He ultimately became a wealthy man working as a tax inspector, which enabled him to take an early retirement. Nonetheless he returned to Bologna in 1565 but died soon after due to poisoning. Apparently he was betrayed by his sister Maddalena, who went on to inherit his immense fortune. As luck would have it, she didn’t get off lightly. Maddalena remarried two weeks after her brother’s death, yet her new partner unquestionably took off with all the assets, leaving her with nothing. [Ferrari’s biography follows ideas from 9]

François Viète (1540 – December 13, 1603)
Viète started out as a lawyer. After training at the University of Poitiers he returned to his home town to exercise his line of work.
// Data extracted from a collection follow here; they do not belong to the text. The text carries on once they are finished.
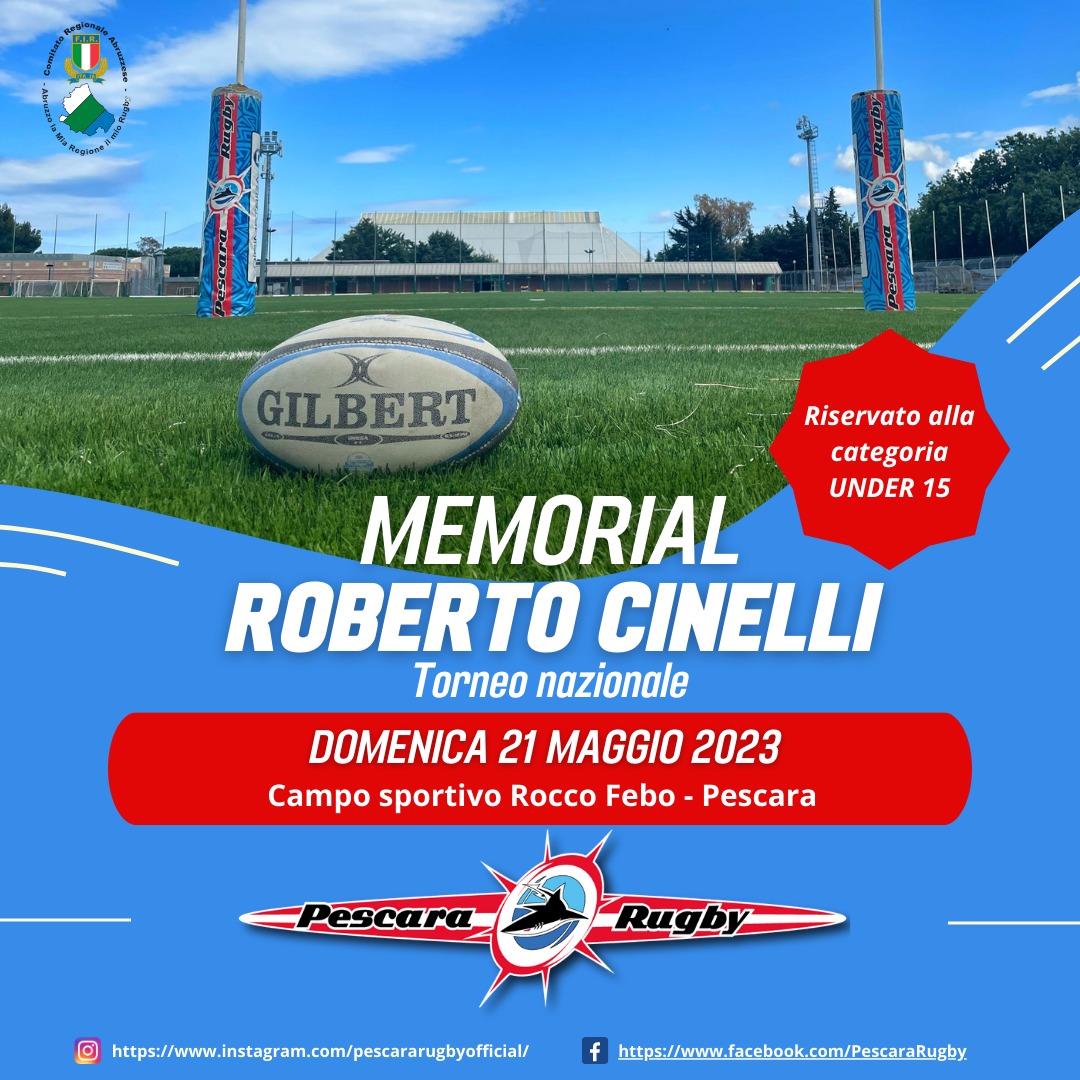 Un torneo di rugby, riservato ad atleti di categoria Under 15, in memoria di Roberto Cinelli, azzurro numero 223, ex allenatore e dirigente del Pescara, scomparso nel 2017. Il Memorial Roberto Cinelli, giunto alla sua seconda edizione, è organizzato dalla società sportiva Pescara Rugby Asd e si svolgerà nel capoluogo adriatico, domenica 21 maggio 2023, dalle ore 10 alle ore 17, presso il Campo Sportivo Rocco Febo.
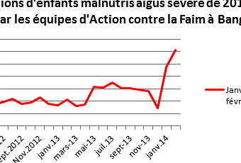 En janvier et février 2014, les équipes d’Action contre la Faim constatent le triplement des admissions d’enfants malnutris dans les programmes nutritionnels de l’association par rapport aux mêmes mois les années précédentes. Plus de 1200 enfants ont été admis en traitement en février, et 1000 en janvier. A la même période les années précédentes, ces programmes accueillaient autour de 350 enfants. La couverture des programmes d’ACF s’est améliorée au long des années, mais une telle augmentation est le signe d’une dégradation forte de la situation nutritionnelle pour les plus pauvres.
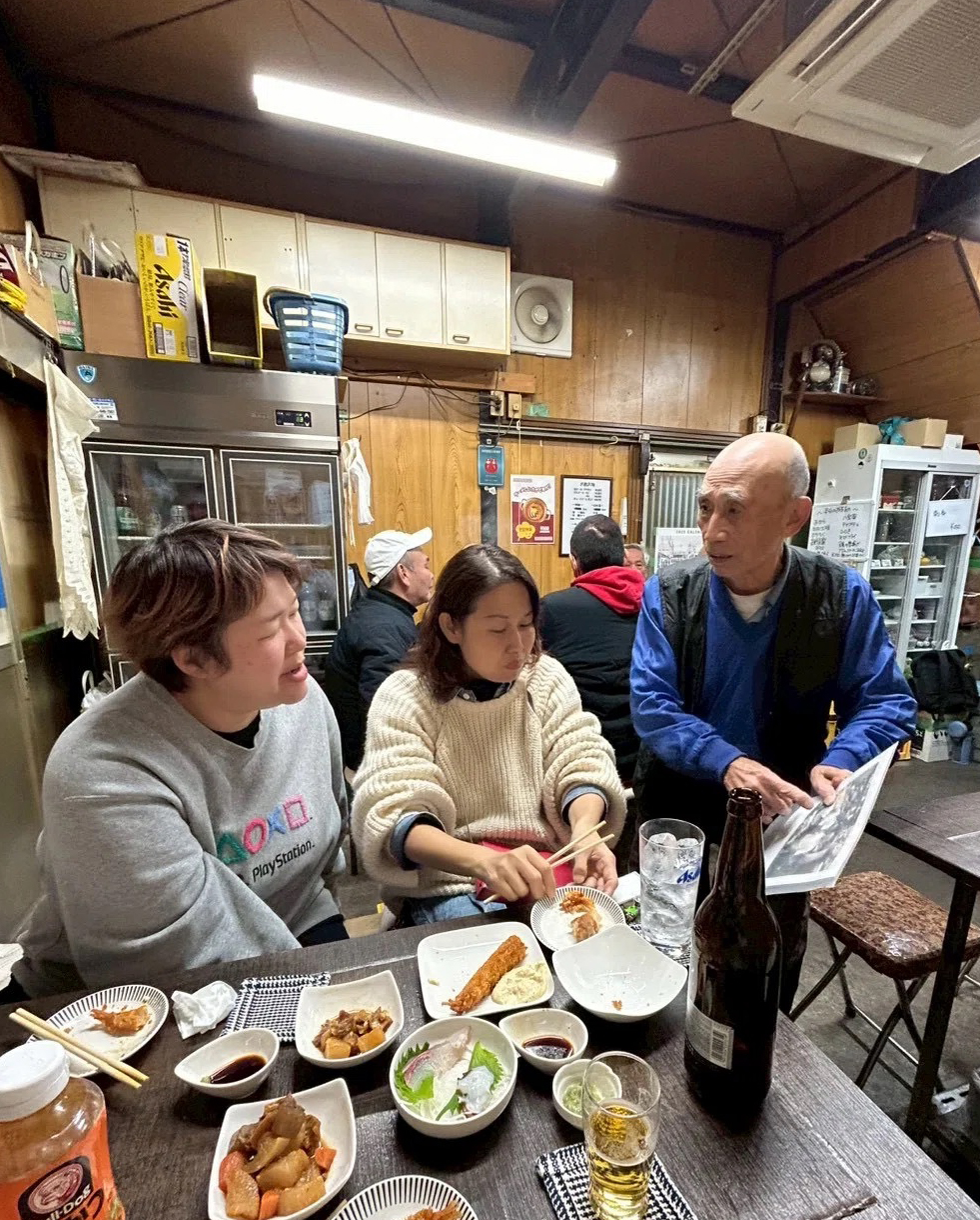 『山口酒店』は古くからここで店を構えてきた人気の角打ち。2025年にリニューアルし、メニューもバージョンアップしたため、いつ行ってもたいてい満席で、17時のオープンとともに続々と常連さんがやってくる。おかあさんの美味しいお料理に、昔ながらの酒屋価格のお酒がついついすすんで、来る人みんながえびす顔になってしまう素敵なお店。
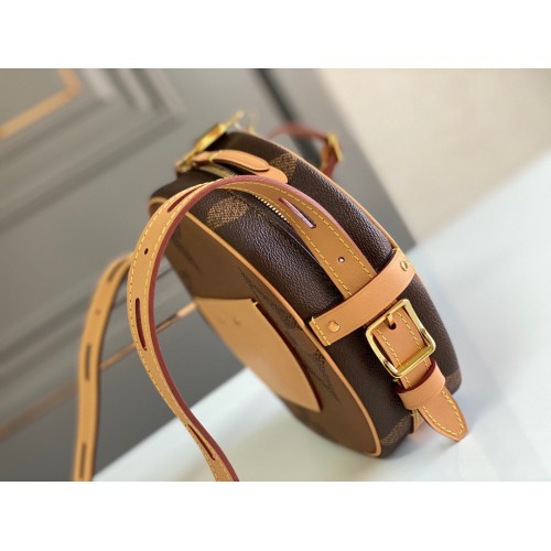 Crafted from supple Monogram canvas, this fashionable Boite Chapeau Souple bag is printed with the season’s striking oversized motif, in both classic and reverse versions. Lightweight and versatile, it can be carried by the iconic Toron handle, slung over the shoulder or worn cross-body. An adorable accessory, sized just right to fit the essentials.
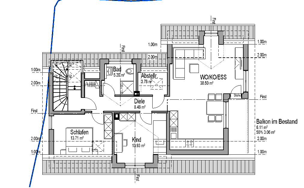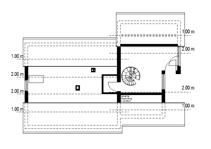 Da die Kopfhöhe nicht ganz ausgereicht hat, um mit dem Haupttreppenhaus ins Dachgeschoss zu kommen, haben wir uns hier eine spezielle Lösung mit einem besonderen Dachflächenfenster einfallen lassen. Eine zusätzliche Gaube wäre nicht möglich gewesen, da wir die maximale Fläche, die in diesem Baugebiet erlaubt ist, schon eingeplant hatten. Zusätzlich bietet das großzügige Fenster natürlich viel Licht im Treppenhaus.
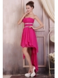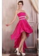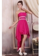 Hot Pink High-low Prom Dress with Beading and Ruching
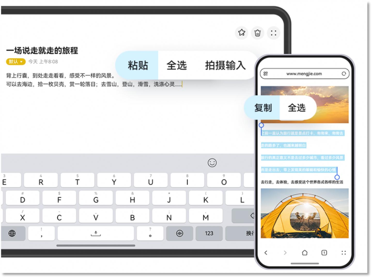 通過跨設備剪貼板,可在多設備間復制粘貼文本、圖片、文件等,方便您用一臺設備創作構思時,輕松獲取到另一臺設備上的素材。還支持短信驗證碼的跨設備復制粘貼,方便應用的跨設備登錄。
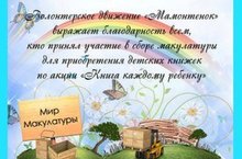 9 апреля 2016 г. наш лицей принял участие в благотворительной акции по сбору макулатуры «Книга – каждому ребенку» для волонтерского движения «Мамонтенок». На средства, вырученные с акции, будут куплены книги для детей из многодетных семей, детей-инвалидов и детей из приюта «Ялкын».
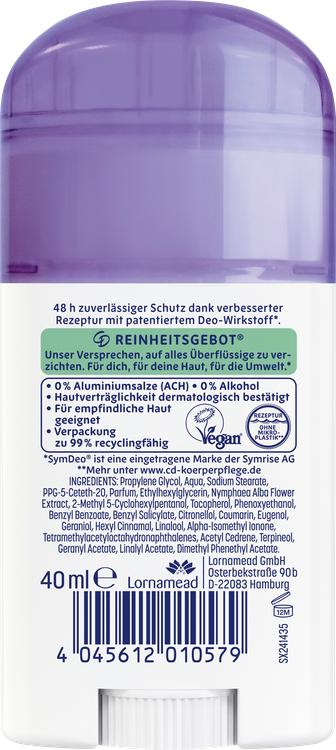 CD Deo Care Stick Water Lily giver dig skånsom og pålidelig deodorantbeskyttelse i op til 24 timer. Beriget med naturligt nøkkeroseekstrakt får denne stick din hud til at føles forfrisket og efterlader dine armhuler velplejede. Den er formuleret til at være særlig mild, aluminiumsfri og derfor ideel til følsom hud. Deodorantstiften er dermatologisk testet og kan endda bruges efter barbering uden at efterlade irriterende rester. Nyd den langvarige beskyttelse og beroligende pleje af din hud.
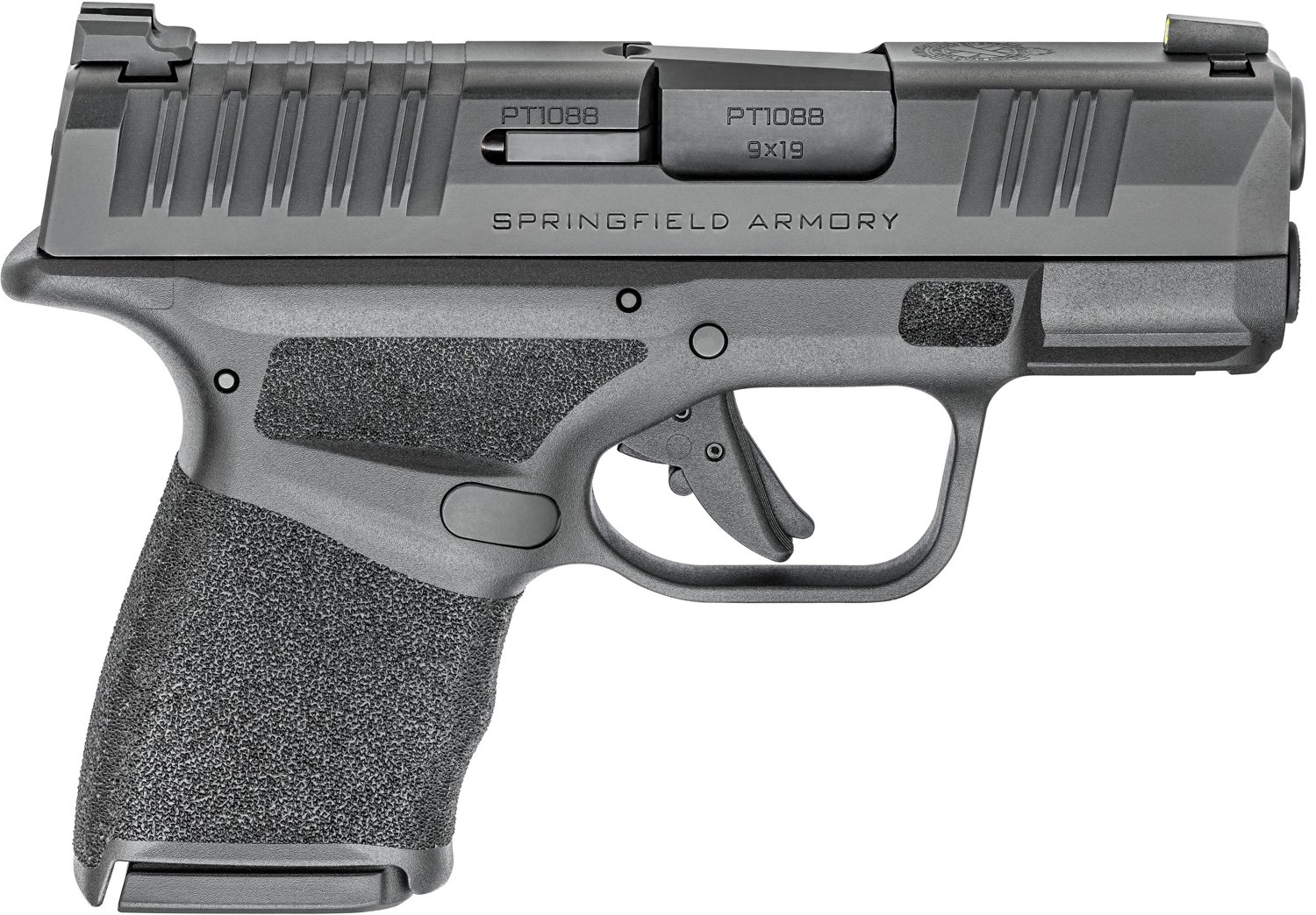 The Springfield Armory Hellcat 9mm 3 in Micro-Compact 13-Round Pistol boasts an 11+1 round capacity with a flush-fit magazine to fire up to 12 consecutive shots, and it is designed with rear, top and forward slide serrations to maximize the grip on your slide.

He was successful at what he practiced and advised the likes of Queen Mary of England, Eleanor of Austria and King Henry III of France. He only studied mathematics during his free time and it wasn’t until his later years that he worked on solving equations.
In 1593 a future companion, Adriaen van Roomen, posed a 45th-degree equation.
To be precise
45x-3795x^3+95634x^5-…+945x^41-45x^43+x^45=N[6]
Viète was able to provide 23 solutions, after highlighting that the equation was the expansion of sin45θ in powers ofsinθ. Back then, negative solutions were unfamiliar and subsequently not noted.
At present Viète is known by some as “the father of algebra” as so mentioned in [11] for his contributions to mathematics, for instance theories of equations and algebraic notation. He is also a legend for cracking a composite cipher for Henry IV, which was used throughout the war against Spain. [Viète’s biography following ideas from 6, chapter 6.8 pages 107-108]
Thomas Harriot (1560 – July 2, 1621)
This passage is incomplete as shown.